8. Volgens eiser heeft de minister de afvalligheid van eiser in samenhang moeten beoordelen met de problemen die hij in Libië heeft vanwege zijn familienaam.
8.1.
De rechtbank is – anders dan eiser – van oordeel dat geen sprake is van samenhang met andere problemen. Immers onder 7 heeft de rechtbank geoordeeld dat de minister de door eiser gestelde problemen vanwege zijn achternaam niet ten onrechte ongeloofwaardig heeft geacht. Nu er geen sprake is van meerdere geloofwaardig geachte problemen, heeft de minister de geloofwaardig geachte afvalligheid van de islam niet anders hoeven toetsen dan zij in het bestreden besluit heeft gedaan. De beroepsgrond slaagt niet.

Conclusie en gevolgen

9. De minister heeft de aanvraag terecht afgewezen als kennelijk ongegrond.
Het beroep is ongegrond. Dat betekent dat eiser geen gelijk krijgt. Eiser krijgt geen vergoeding van zijn proceskosten.

Beslissing

De rechtbank verklaart het beroep ongegrond.
Deze uitspraak is gedaan door mr. M. Munsterman, rechter, in aanwezigheid van
A.P. Kuiters, griffier, en openbaar gemaakt door geanonimiseerde publicatie op rechtspraak.nl.
De uitspraak is bekendgemaakt op:
Informatie over hoger beroep
Een partij die het niet eens is met deze uitspraak, kan een hogerberoepschrift sturen naar de Afdeling bestuursrechtspraak van de Raad van State waarin wordt uitgelegd waarom deze partij het niet eens is met de uitspraak.

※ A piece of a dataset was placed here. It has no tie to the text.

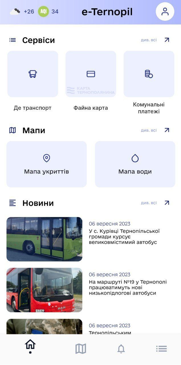 За допомогою мобільного застосунку е-Тернопіль можна користуватися різними сервісами. До прикладу, стежити за прибуттям громадського транспорту на зупинку, перевіряти баланс «файної картки». Також у застосунку є різні інтерактивні карти – мама укриттів, розташування колонок-качалок, мапа закладів, що працюють під час відключення світла, тощо.

Het hogerberoepschrift moet worden ingediend binnen 1 week na de dag waarop deze uitspraak is verzonden. Kan de indiener de behandeling van het hoger beroep niet afwachten, omdat de zaak spoed heeft, dan kan de indiener de voorzieningenrechter van de Afdeling bestuursrechtspraak van de Raad van State vragen om een voorlopige voorziening (een tijdelijke maatregel) te treffen.